━━ Dataset records ━━

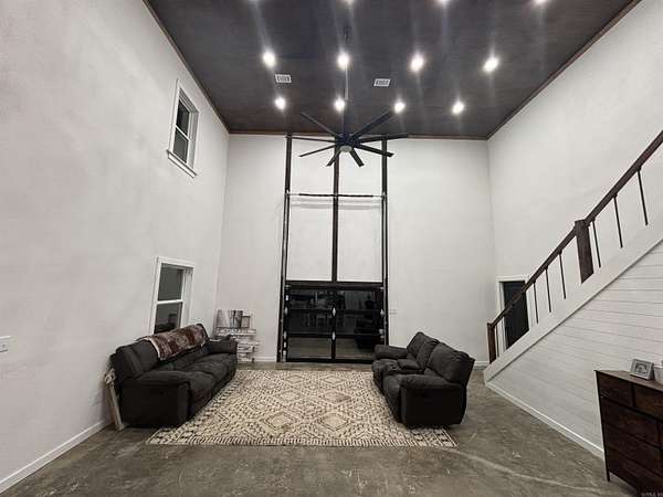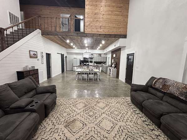 Barndominium style charm meets modern comfort in this spacious 4-bedroom, 3-bath, two-story home in the Jessieville School District! With approx. 2,800 sq ft, this unique property features a game room, office, mudroom, and an open living area ideal for entertaining. The kitchen and dining room showcase stunning tongue-and-groove wood ceilings, adding warmth and character. Upstairs, enjoy a cozy loft and balcony perfect for relaxing with a view. The master bed/bath offers a luxurious whirlpool tub for unwinding. The home sits on 13.09 scenic acres with a beautiful creek that flows into a stocked pond perfect for fishing or simply enjoying nature. A two-car carport and central heating & cooling add convenience and comfort. This one-of-a-kind property combines rustic style with modern amenities don’t miss your chance to own this beautiful property!
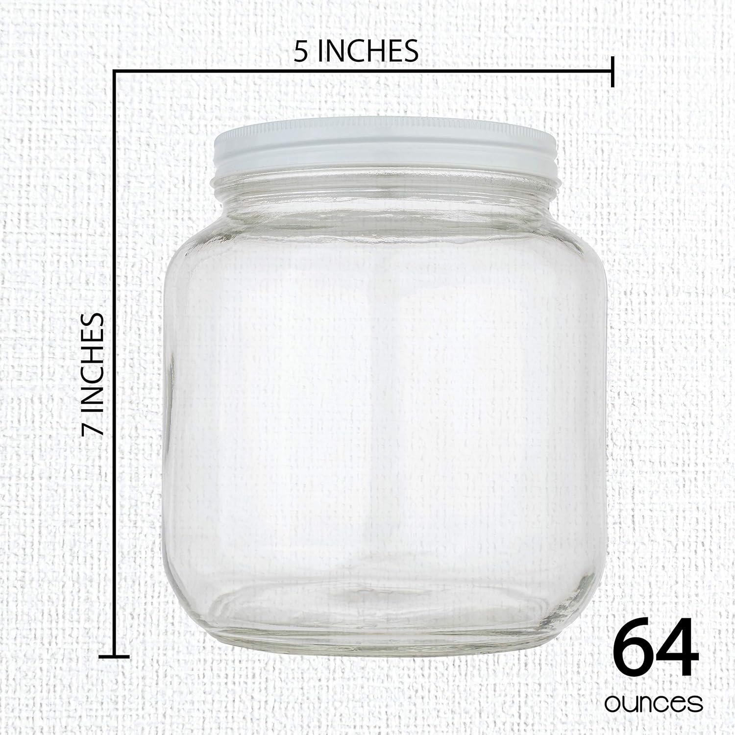 kitchentoolz Half Gallon Mason Jar Wide Mouth with Airtight Metal Lid - Safe for Fermenting Kombucha Kefir - Curing Pickling, Storing and Canning - BPA-Free Dishwasher Safe (White Lid, 4)
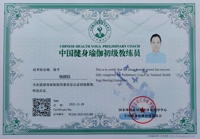 钱晓钰中国健身瑜伽初级教练员
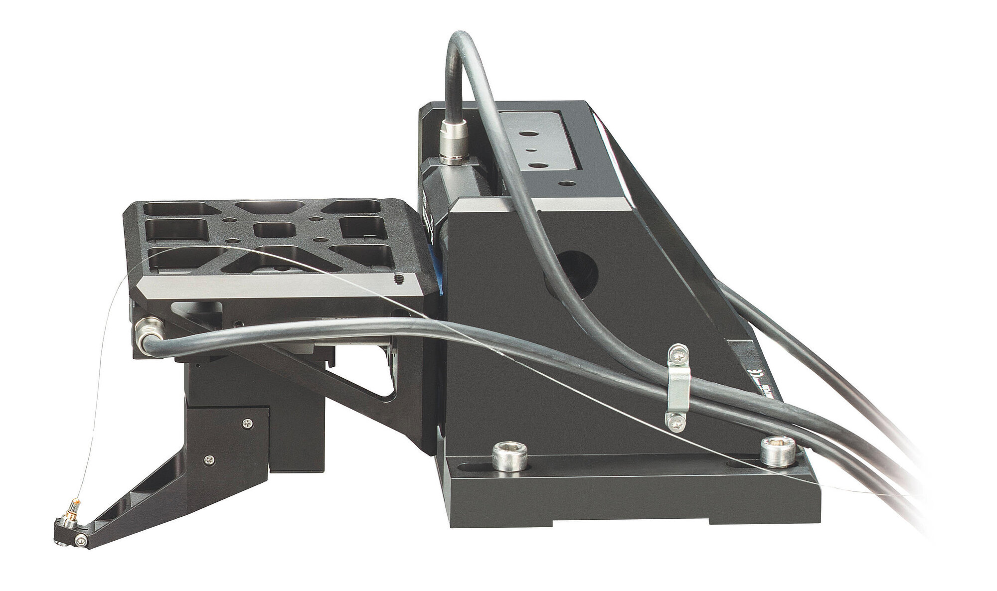 This compact solution integrates a high-precision XYZ stage (based on model M-122) for generous travel with an XYZ piezo nanopositioner of extraordinary speed and resolution (based on model P-616). A single controller manages all axes in single-sided and double-sided configurations: F-713.MA1 and F-713.MA2. Four high-resolution analog inputs provide connectivity to power meters, such as PI’s F-712.PM1 high-bandwidth optical power meter, for optimization and profiling, enabling efficient and fast automated fiber alignment. Soft limits are supported to ensure process safety. Starting with these sophisticated platforms, it is easy to configure automated alignment solutions of unprecedented speed that support functionalities such as submicron-sensitive wafer proximity automation.
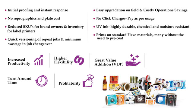 The label printing market is going through a transition period where run lengths are becoming shorter and shorter, margins are shrinking and fast turnaround time to market is creating huge pressure on label printers, here ColorNovo bridges the gap between end users, brand owners and the label printers enabling them to print on demand. It utilizes thePiezoDOD inkjet print head technology that enables to print high quality labels at 600 X 600 Dpi native resolution at speeds of up to 70 m/min and up to 330 mm of print widths, delivering the expectations of a label printer in terms of lowest total cost of ownership and fastest return on investments. Digital is the future, so is the Digital press, it comes with the power of printing short to medium runs very effectively and economically, additionally featuring great value of personalization, variable data and security printing in real time production at one go.
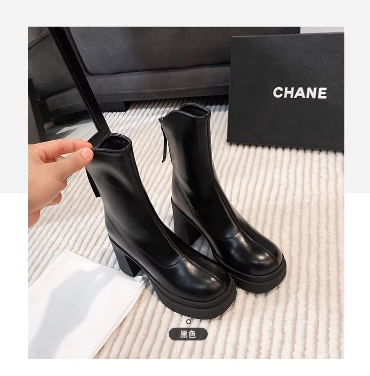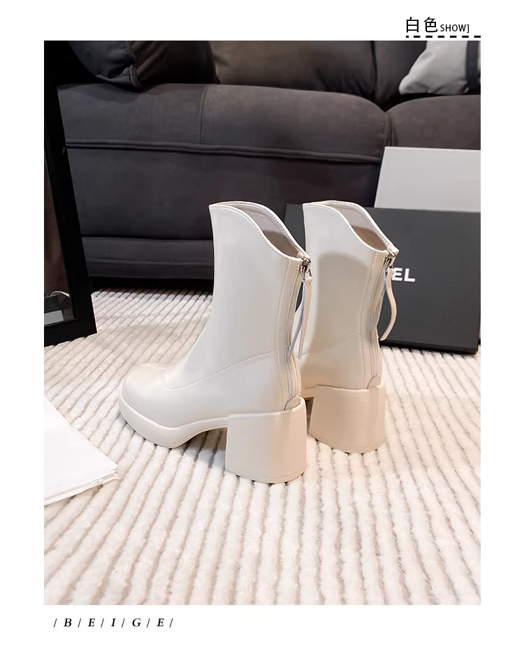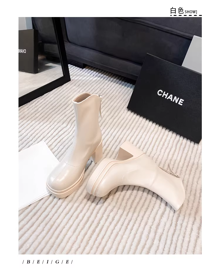 - Giày bốt cổ ngắn màu trắng Pear Xiaoqi da thật đế dày tăng chiều cao đế chống thấm nước gót nhọn cao gót giày bốt mỏng dành cho nữ Giày bốt Martin
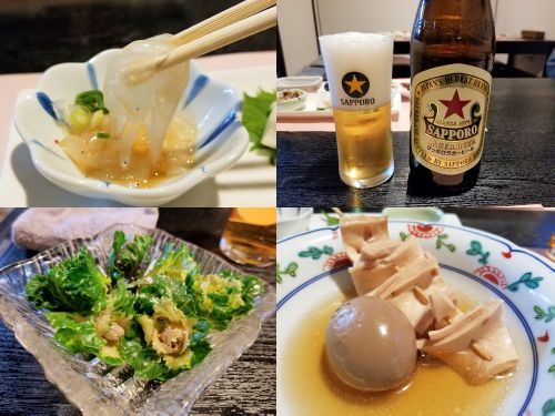 まずは前菜&刺身盛で完敗です、、、「なでしこ」さんにはサッポロの 赤星★ があるのが嬉しいんです!! おっ、もうすぐ旬の"のれそれ"があります、、、"のれそれ"とは、アナゴの稚魚のことで、ポン酢でチュルンといただきます。。。
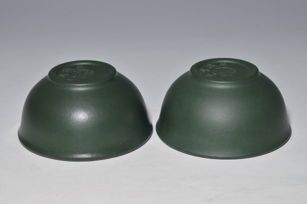 圖左的圓之月茶碗a~【早雪滴翠】為拿來品茗喝茶使用幾天後...;圖右則為未使用前,兩相對照之下,已可看出明顯的養成前後落差,使用過的茶碗,已顯更加清亮溫潤與色感豐富,茶湯更是再上一層樓,泥料特色盡現也!
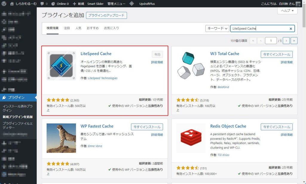 プラグイン:LiteSpeed Cache(作者:LiteSpeed Technologies)の導入
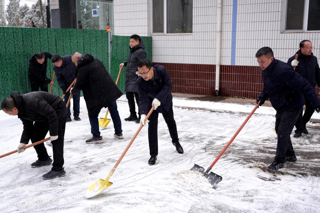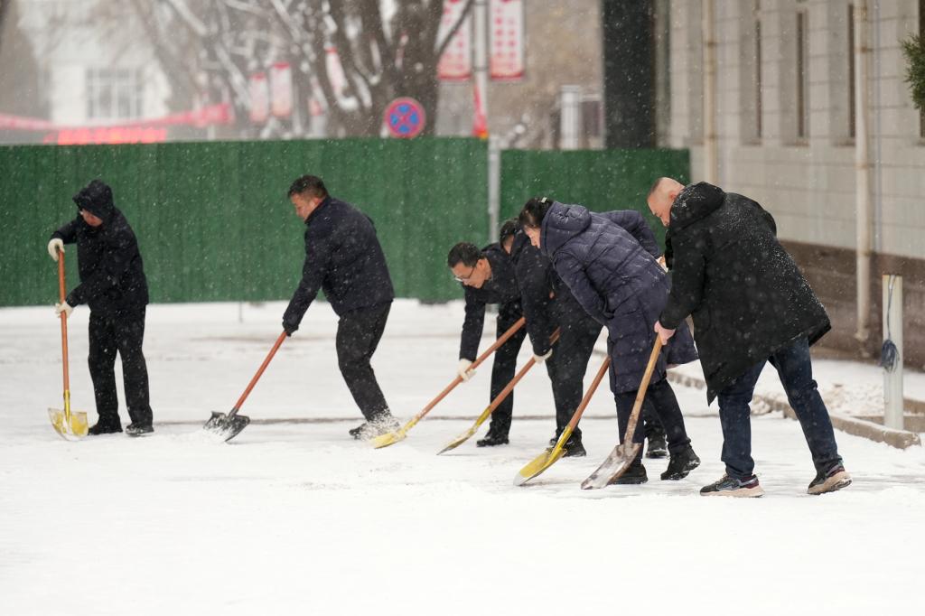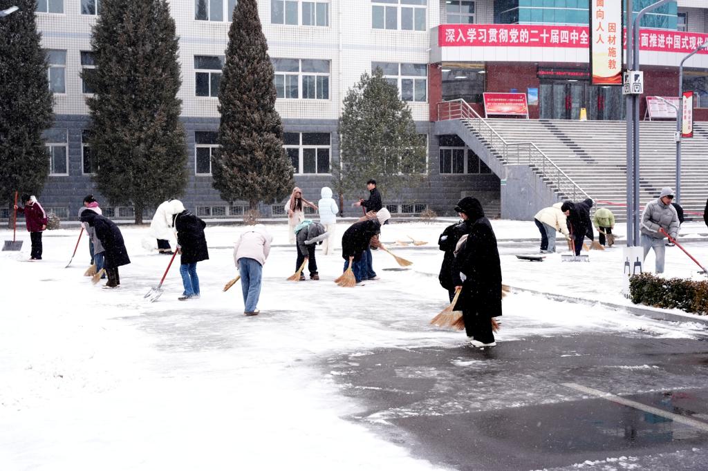 党委书记张轩萍、院长关伟率先抵达清雪区域,带领教职工对教学楼、办公楼周边、主干道及生活区通道等重点区域展开集中清扫。尽管雪花不断、气温降至冰点以下,全体人员仍热情高涨,采取“边下边清、随下随扫”的策略协同作业,铁锹铲雪、扫帚清扫、融雪盐除冰……各类工具与物资轮番上阵,现场井然有序。经过数小时奋战,校园内所有人行干道、台阶坡道的积雪暗冰被彻底清除,三条安全通道全面贯通。

━━━

▸ **Exercise objective**: Leave out the pictures and repeat the remaining data exactly.

▸ **Task answer**:
 Barndominium style charm meets modern comfort in this spacious 4-bedroom, 3-bath, two-story home in the Jessieville School District! With approx. 2,800 sq ft, this unique property features a game room, office, mudroom, and an open living area ideal for entertaining. The kitchen and dining room showcase stunning tongue-and-groove wood ceilings, adding warmth and character. Upstairs, enjoy a cozy loft and balcony perfect for relaxing with a view. The master bed/bath offers a luxurious whirlpool tub for unwinding. The home sits on 13.09 scenic acres with a beautiful creek that flows into a stocked pond perfect for fishing or simply enjoying nature. A two-car carport and central heating & cooling add convenience and comfort. This one-of-a-kind property combines rustic style with modern amenities don’t miss your chance to own this beautiful property!
 kitchentoolz Half Gallon Mason Jar Wide Mouth with Airtight Metal Lid - Safe for Fermenting Kombucha Kefir - Curing Pickling, Storing and Canning - BPA-Free Dishwasher Safe (White Lid, 4)
 钱晓钰中国健身瑜伽初级教练员
 This compact solution integrates a high-precision XYZ stage (based on model M-122) for generous travel with an XYZ piezo nanopositioner of extraordinary speed and resolution (based on model P-616). A single controller manages all axes in single-sided and double-sided configurations: F-713.MA1 and F-713.MA2. Four high-resolution analog inputs provide connectivity to power meters, such as PI’s F-712.PM1 high-bandwidth optical power meter, for optimization and profiling, enabling efficient and fast automated fiber alignment. Soft limits are supported to ensure process safety. Starting with these sophisticated platforms, it is easy to configure automated alignment solutions of unprecedented speed that support functionalities such as submicron-sensitive wafer proximity automation.
 The label printing market is going through a transition period where run lengths are becoming shorter and shorter, margins are shrinking and fast turnaround time to market is creating huge pressure on label printers, here ColorNovo bridges the gap between end users, brand owners and the label printers enabling them to print on demand. It utilizes thePiezoDOD inkjet print head technology that enables to print high quality labels at 600 X 600 Dpi native resolution at speeds of up to 70 m/min and up to 330 mm of print widths, delivering the expectations of a label printer in terms of lowest total cost of ownership and fastest return on investments. Digital is the future, so is the Digital press, it comes with the power of printing short to medium runs very effectively and economically, additionally featuring great value of personalization, variable data and security printing in real time production at one go.
 - Giày bốt cổ ngắn màu trắng Pear Xiaoqi da thật đế dày tăng chiều cao đế chống thấm nước gót nhọn cao gót giày bốt mỏng dành cho nữ Giày bốt Martin
 まずは前菜&刺身盛で完敗です、、、「なでしこ」さんにはサッポロの 赤星★ があるのが嬉しいんです!! おっ、もうすぐ旬の"のれそれ"があります、、、"のれそれ"とは、アナゴの稚魚のことで、ポン酢でチュルンといただきます。。。
 圖左的圓之月茶碗a~【早雪滴翠】為拿來品茗喝茶使用幾天後...;圖右則為未使用前,兩相對照之下,已可看出明顯的養成前後落差,使用過的茶碗,已顯更加清亮溫潤與色感豐富,茶湯更是再上一層樓,泥料特色盡現也!
 プラグイン:LiteSpeed Cache(作者:LiteSpeed Technologies)の導入
 党委书记张轩萍、院长关伟率先抵达清雪区域,带领教职工对教学楼、办公楼周边、主干道及生活区通道等重点区域展开集中清扫。尽管雪花不断、气温降至冰点以下,全体人员仍热情高涨,采取“边下边清、随下随扫”的策略协同作业,铁锹铲雪、扫帚清扫、融雪盐除冰……各类工具与物资轮番上阵,现场井然有序。经过数小时奋战,校园内所有人行干道、台阶坡道的积雪暗冰被彻底清除,三条安全通道全面贯通。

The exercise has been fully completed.